Tijdens het positioneringslassen moet de lasser hetzelfde lasmateriaal en dezelfde specificaties gebruiken als tijdens het eigenlijke lasproces. De hoogte van de las binnen de groef mag over het algemeen niet meer zijn dan 2/3 van de groefdiepte. Als er defecten zoals scheuren optreden in de positioneringslas, moet deze worden verwijderd en opnieuw worden gelast.

De lasmaterialen moeten een specifieke droogbehandeling ondergaan.

2) Lastechniek:

De vlamboog moet in de groef worden geslagen en er moet in één keer versmelting plaatsvinden. De boog moet worden gedoofd om de krater op te vullen.

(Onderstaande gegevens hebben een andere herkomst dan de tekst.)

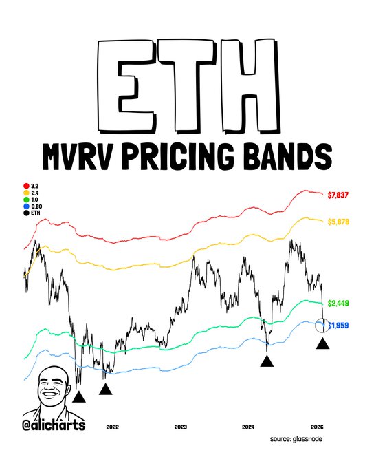 이더리움(Ethereum $ETH) 가격이 0.80 가격 밴드 아래로 세 번 하락했을 때, 이는 시장 바닥을 나타냈습니다. 가격이 1,959달러 아래로 떨어지면서, 그 신호가 다시 나타나고 있습니다.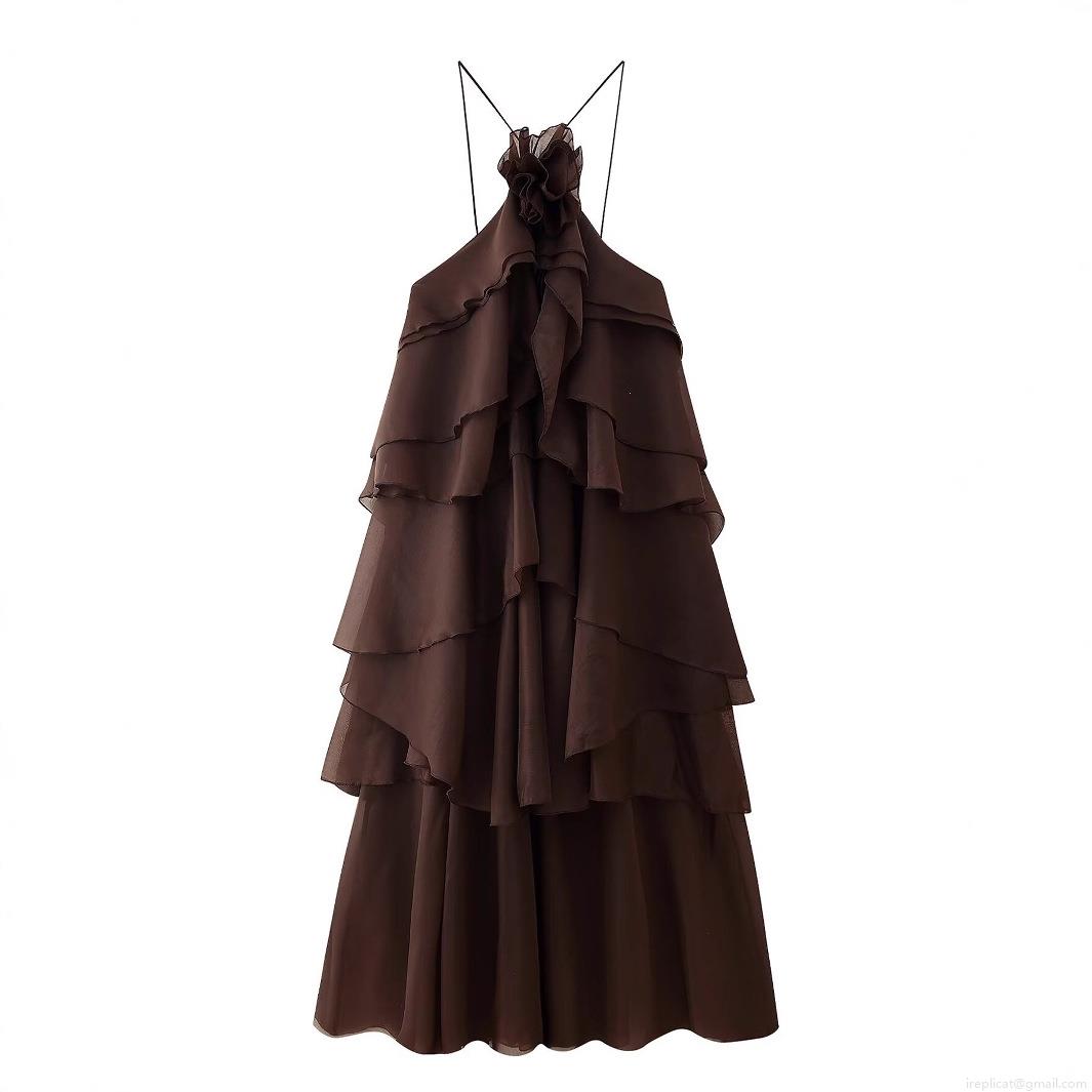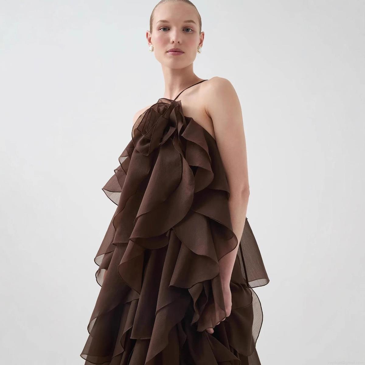 Ruffles, Neckband, Backless, 3d Flowers, Layered Cake Skirt, Three-dimensional Floral Decorations

Bij het lassen van roestvast staal moet de lasstroom 10% tot 20% lager zijn in vergelijking met lassen van laag koolstofstaal. Er moet gebruik worden gemaakt van een korte lasboog, snel lassen en recht verplaatsen. Tegelijkertijd moet de interpasstemperatuur onder controle worden gehouden, meestal onder 100°C. Om een te hoge interpasstemperatuur te voorkomen, kunnen indien nodig maatregelen zoals waterkoeling aan de achterkant worden toegepast.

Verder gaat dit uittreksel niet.